Segment Start: RECORDS TO PROCESS
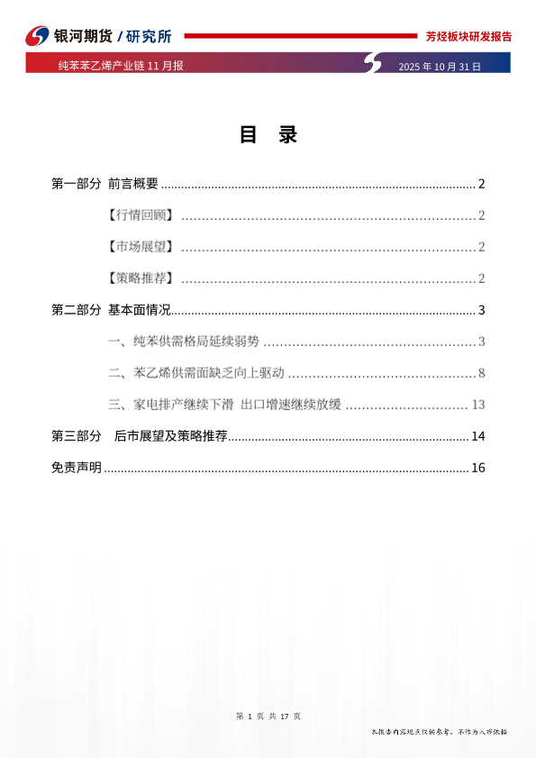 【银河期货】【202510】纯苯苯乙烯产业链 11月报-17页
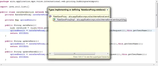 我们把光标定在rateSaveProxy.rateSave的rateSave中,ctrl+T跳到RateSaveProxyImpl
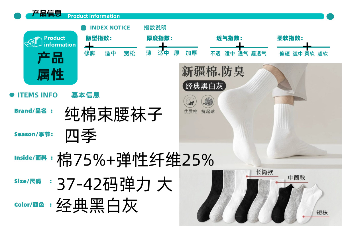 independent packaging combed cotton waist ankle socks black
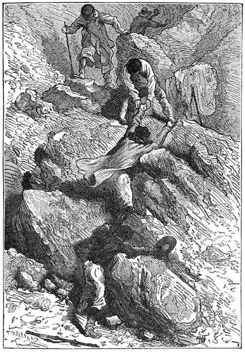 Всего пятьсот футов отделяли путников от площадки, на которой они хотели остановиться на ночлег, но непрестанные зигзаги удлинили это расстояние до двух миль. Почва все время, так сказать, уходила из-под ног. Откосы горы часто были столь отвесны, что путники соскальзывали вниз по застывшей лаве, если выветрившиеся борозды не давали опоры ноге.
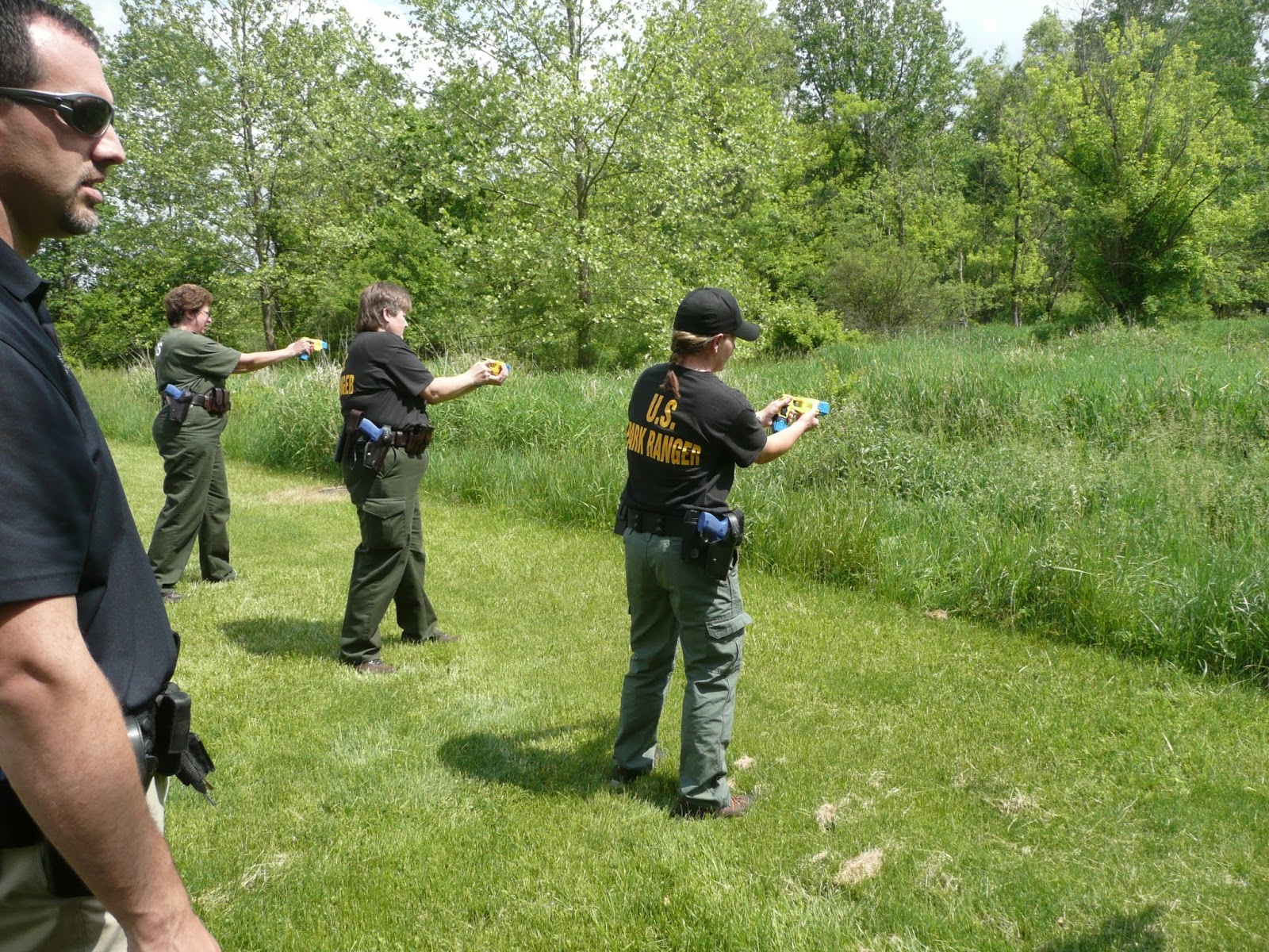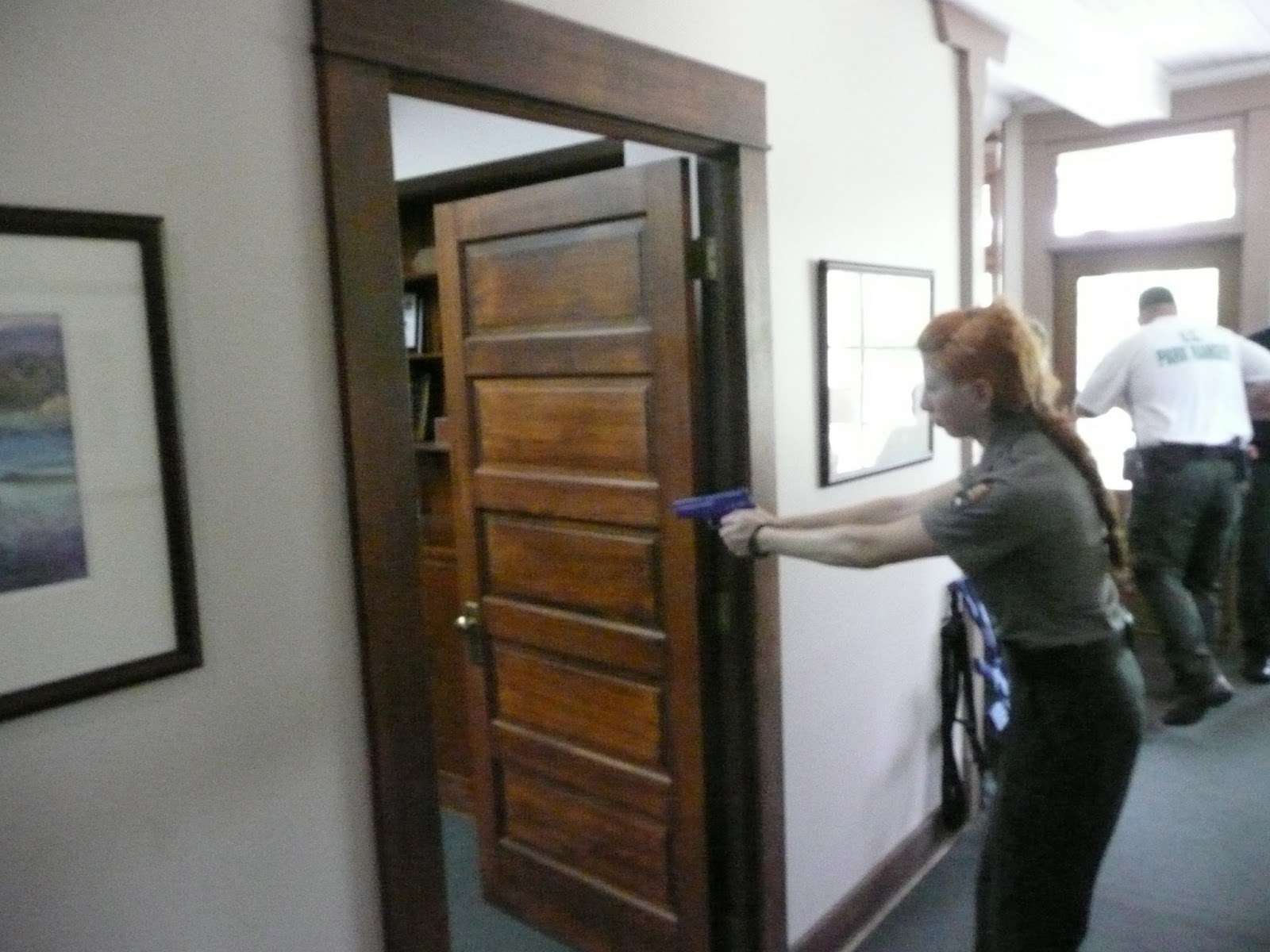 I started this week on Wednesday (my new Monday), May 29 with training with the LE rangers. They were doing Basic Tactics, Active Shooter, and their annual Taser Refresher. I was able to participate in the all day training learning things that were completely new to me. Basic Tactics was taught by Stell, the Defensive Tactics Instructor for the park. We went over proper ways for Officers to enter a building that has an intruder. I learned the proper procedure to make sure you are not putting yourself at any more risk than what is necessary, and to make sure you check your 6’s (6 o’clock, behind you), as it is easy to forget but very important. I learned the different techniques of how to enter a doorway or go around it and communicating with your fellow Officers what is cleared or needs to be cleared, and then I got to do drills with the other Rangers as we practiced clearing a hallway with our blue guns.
Segment End: RECORDS TO PROCESS
Segment Start: RECORDS TO PROCESS
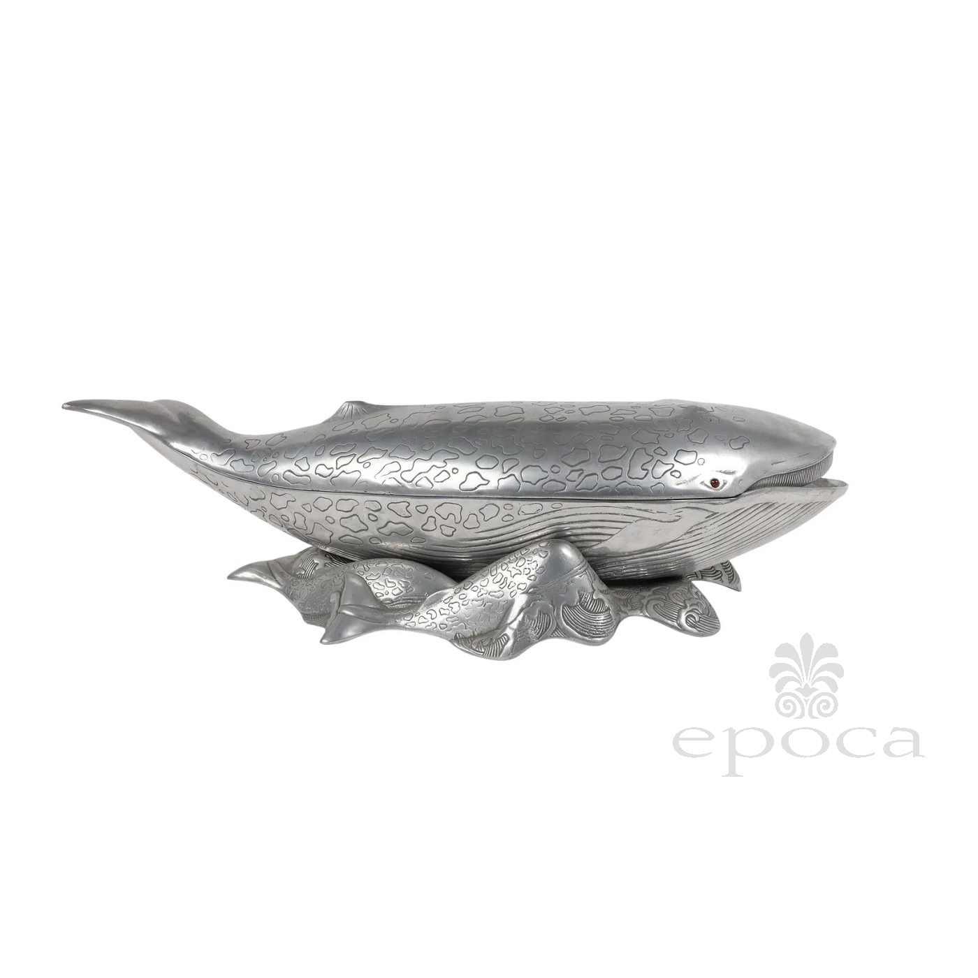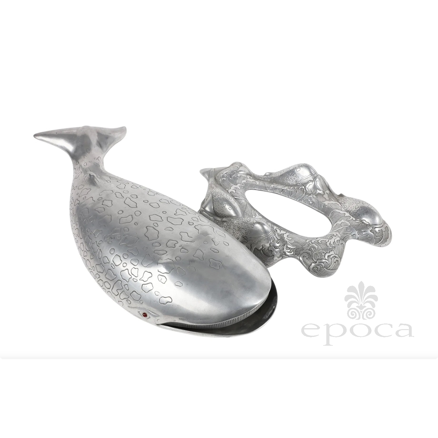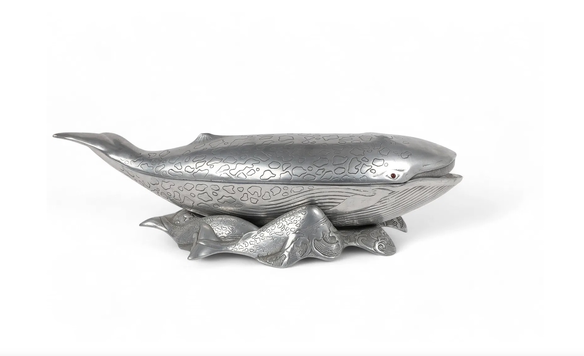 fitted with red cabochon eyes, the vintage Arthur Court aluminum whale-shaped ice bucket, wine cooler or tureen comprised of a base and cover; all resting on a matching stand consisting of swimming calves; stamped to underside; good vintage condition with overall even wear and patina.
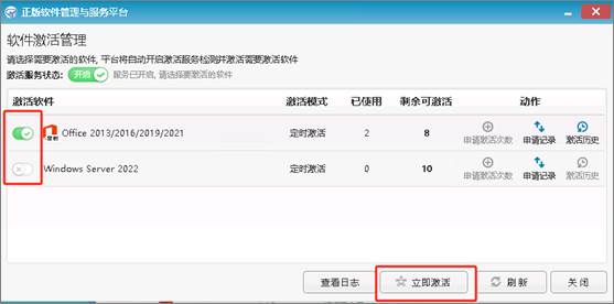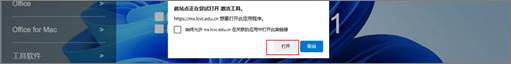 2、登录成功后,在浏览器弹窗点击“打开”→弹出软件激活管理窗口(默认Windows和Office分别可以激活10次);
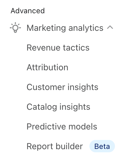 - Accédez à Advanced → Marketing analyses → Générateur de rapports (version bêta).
Segment End: RECORDS TO PROCESS
> DIRECTIONS FOR THIS TASK
In the listing above, find the line containing "我们把光标定在rateSav" and the line containing "independent packaging combed", then output those two lines and everything between them exactly as written, without the images.

> RESULT OF THE TASK
 我们把光标定在rateSaveProxy.rateSave的rateSave中,ctrl+T跳到RateSaveProxyImpl
 independent packaging combed cotton waist ankle socks black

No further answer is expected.